- _WHAT IS NEEDED_
The answer should reproduce every entry exactly and contain no images.

--- INFORMATION PROVIDED Enclosed Below ---

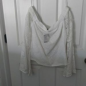 Lace off the shoulder w/ sheer sleeves
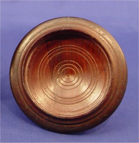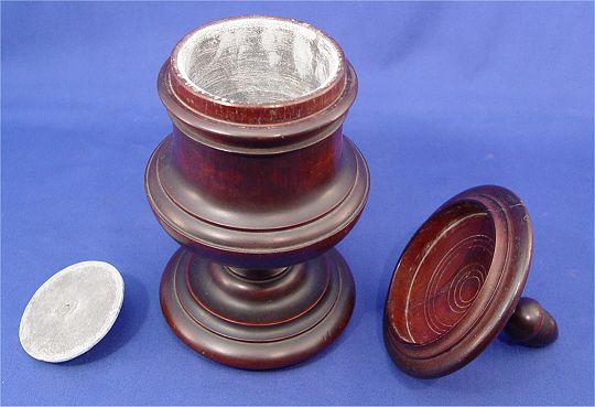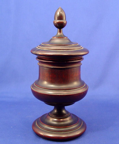 TREEN TOBACCO JAR: Turned mahogany with metal lined interior and lid. Acorn finial on the exterior cover. 11''h. Please note repair on lid.
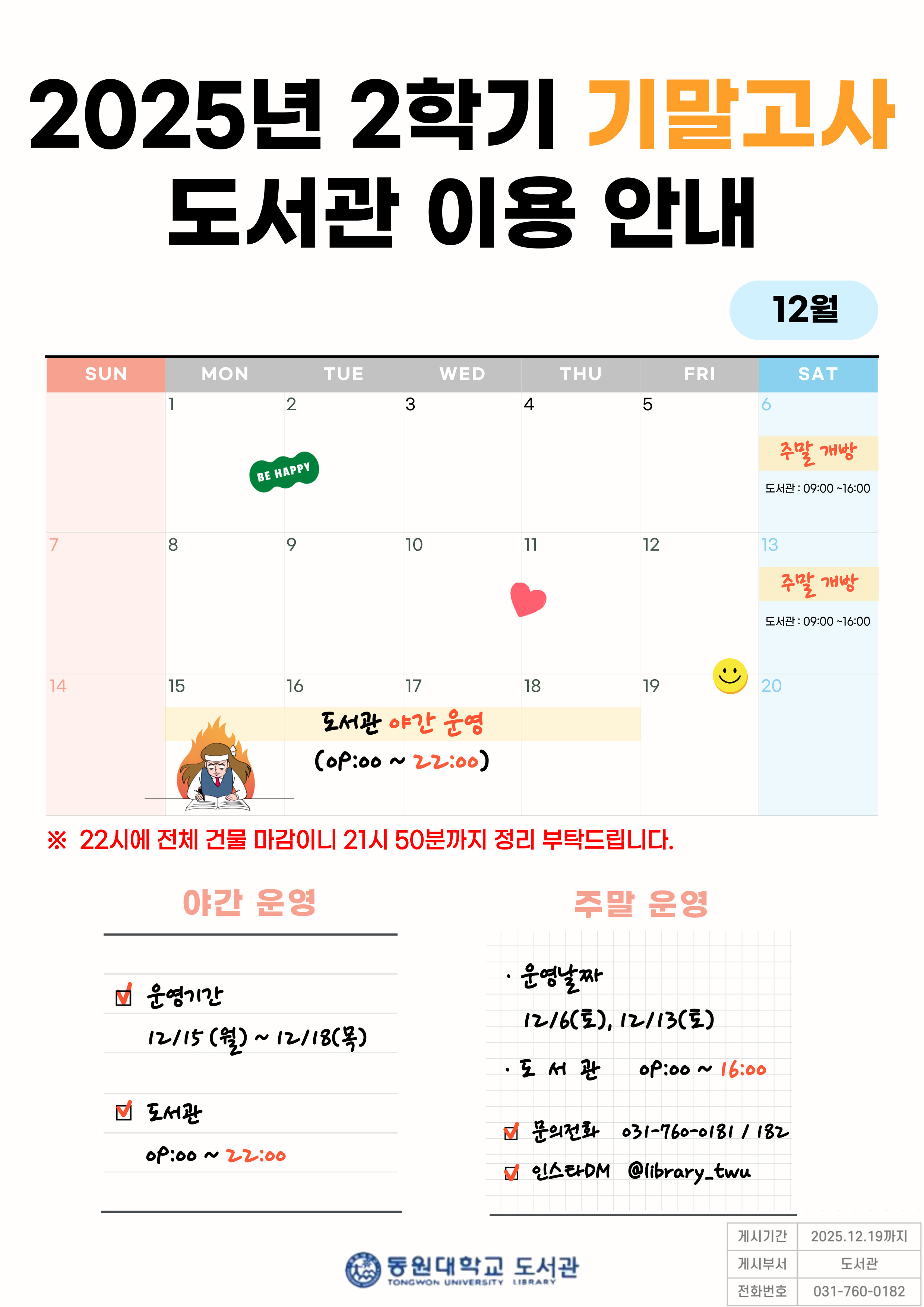 [도서관] 2025학년도 2학기 기말고사 기간 도서관 운영시간 변경 안내
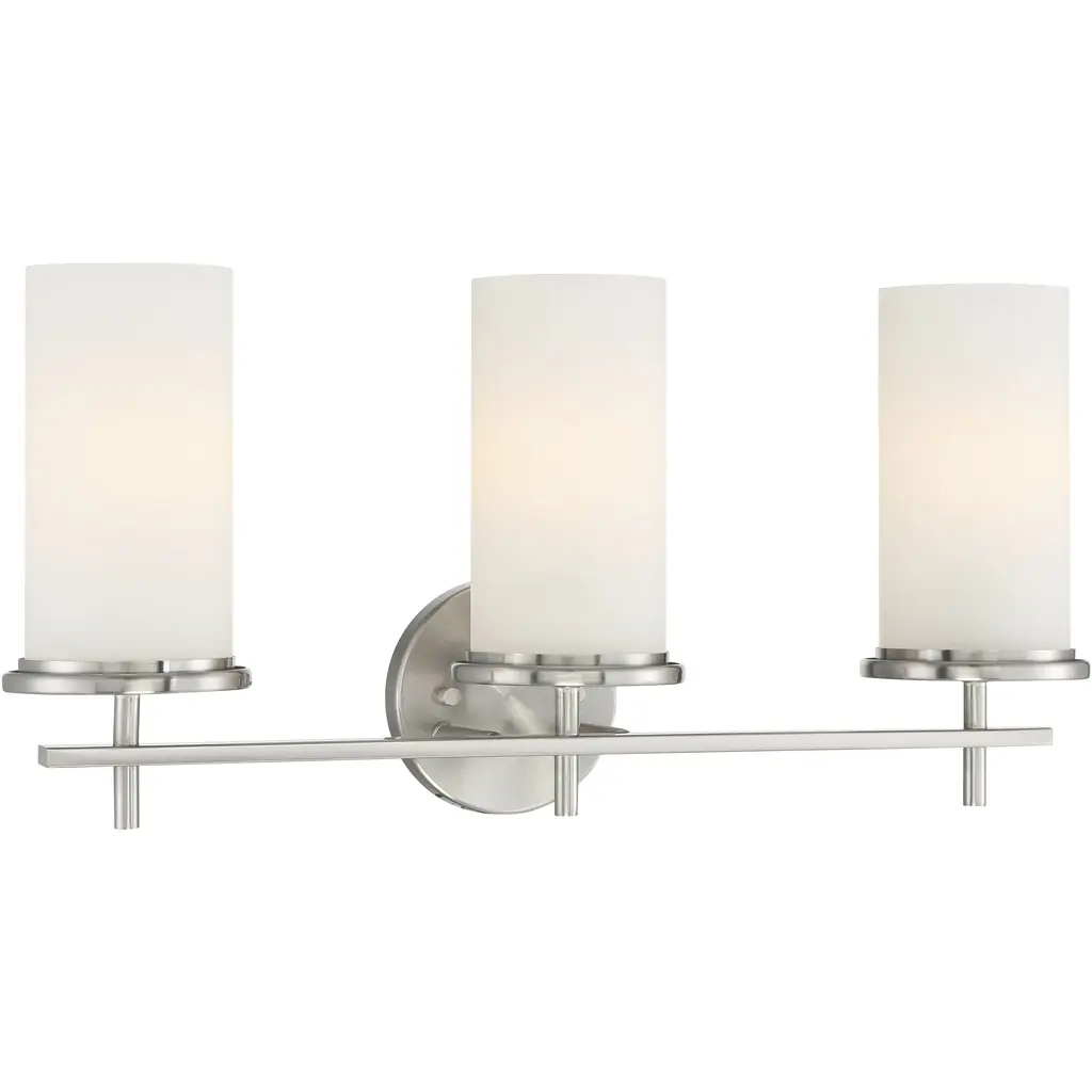 Finished in brushed nickel, this chic bathroom light complements a variety of decors with its sleek lines and smooth styling. Etched opal glass brightens a room with warm, comforting illumination. From the Miley Collection by Hinkley.
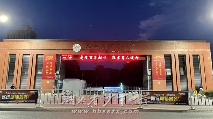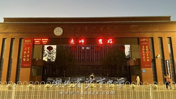 根據上級教育主管部門荊州市教育局的統一安排,沙市中學將于9月9日、10日晚20:00-21:00在學校正門(東門)、側門(南門)門樓的大型 LED 文字顯示屏和學校藝術報告廳旁的 LED 全彩屏上滾動顯示內容為“賡續百年初心,擔當育人使命”"老師,您好!"“教師節快樂!”的字幕和視頻,以此形式為教師"亮燈",并慶祝第37個教師節的到來。
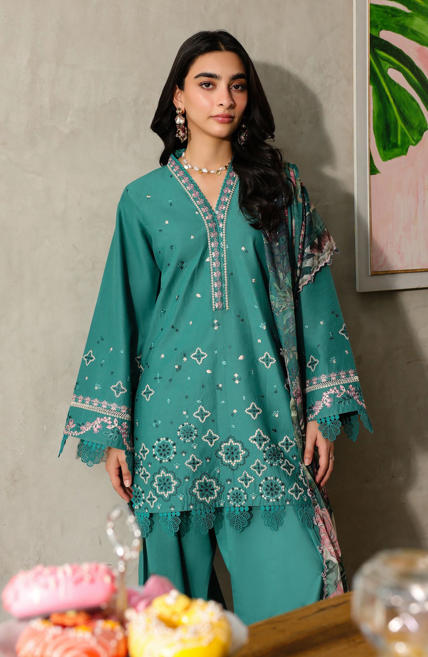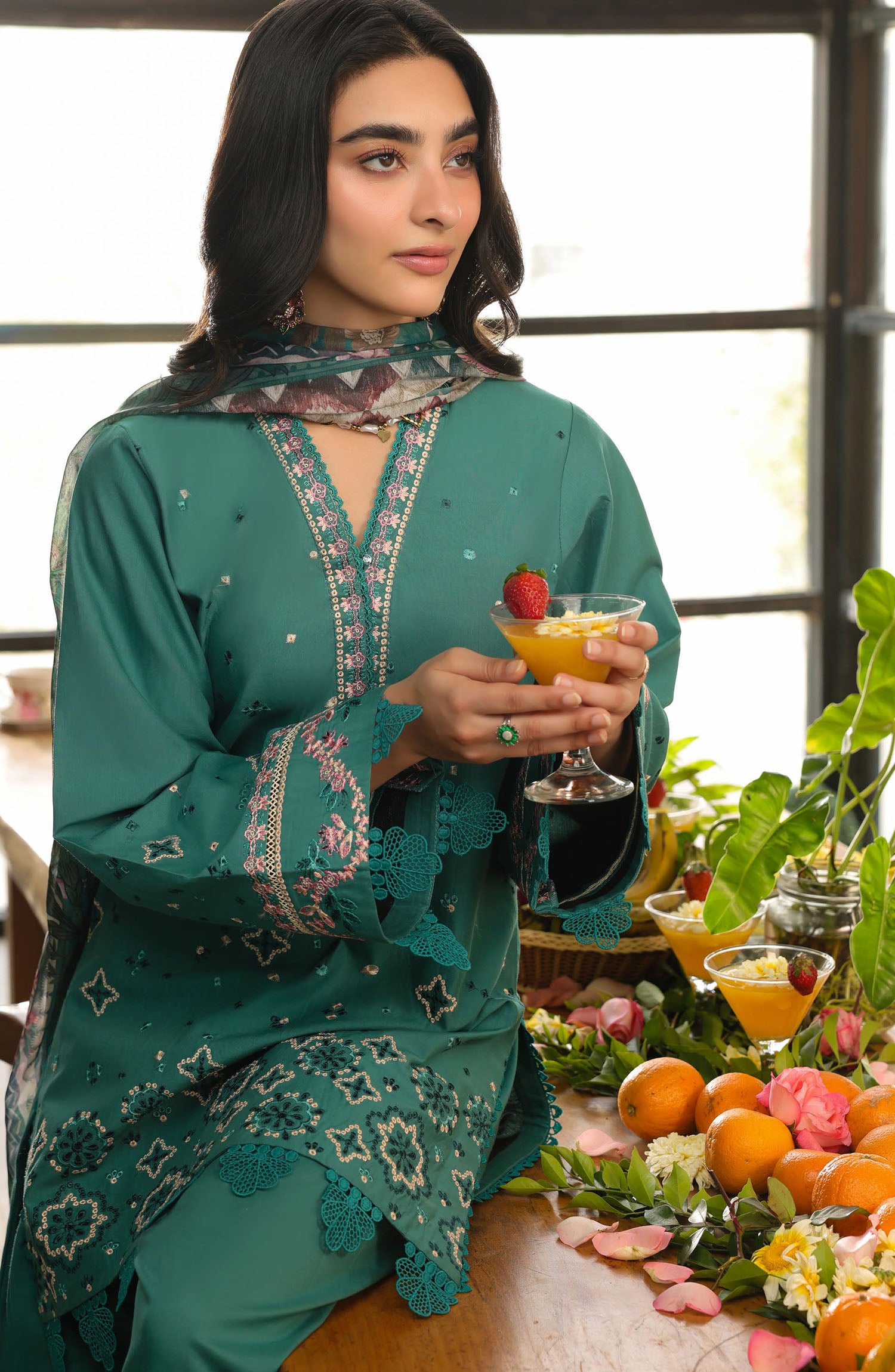 Home Sahane Embroidered Lawn Unstitched 3 Piece Suit - CT-21004 Ameta - SAH25ILL - Sea Green - Summer Collection
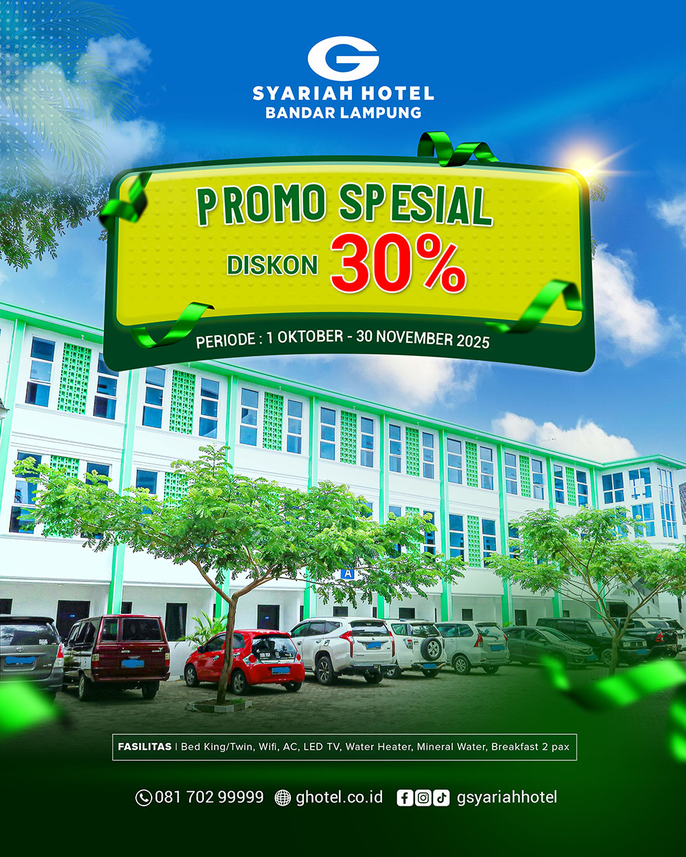 Mau liburan atau perjalanan bisnis yang nyaman tanpa bikin kantong jebol?G Syariah Hotel kasih kamu DISKON SPESIAL 30% buat kamu yang:✅ Booking lewat WhatsApp✅ Atau datang langsung ke hotel📍 Alamat Kami:G Syariah HotelJalan Urip Sumoharjo [...]

--- End of Enclosed INFORMATION PROVIDED ---

- _ANSWER SECTION_
 Lace off the shoulder w/ sheer sleeves
 TREEN TOBACCO JAR: Turned mahogany with metal lined interior and lid. Acorn finial on the exterior cover. 11''h. Please note repair on lid.
 [도서관] 2025학년도 2학기 기말고사 기간 도서관 운영시간 변경 안내
 Finished in brushed nickel, this chic bathroom light complements a variety of decors with its sleek lines and smooth styling. Etched opal glass brightens a room with warm, comforting illumination. From the Miley Collection by Hinkley.
 根據上級教育主管部門荊州市教育局的統一安排,沙市中學將于9月9日、10日晚20:00-21:00在學校正門(東門)、側門(南門)門樓的大型 LED 文字顯示屏和學校藝術報告廳旁的 LED 全彩屏上滾動顯示內容為“賡續百年初心,擔當育人使命”"老師,您好!"“教師節快樂!”的字幕和視頻,以此形式為教師"亮燈",并慶祝第37個教師節的到來。
 Home Sahane Embroidered Lawn Unstitched 3 Piece Suit - CT-21004 Ameta - SAH25ILL - Sea Green - Summer Collection
 Mau liburan atau perjalanan bisnis yang nyaman tanpa bikin kantong jebol?G Syariah Hotel kasih kamu DISKON SPESIAL 30% buat kamu yang:✅ Booking lewat WhatsApp✅ Atau datang langsung ke hotel📍 Alamat Kami:G Syariah HotelJalan Urip Sumoharjo [...]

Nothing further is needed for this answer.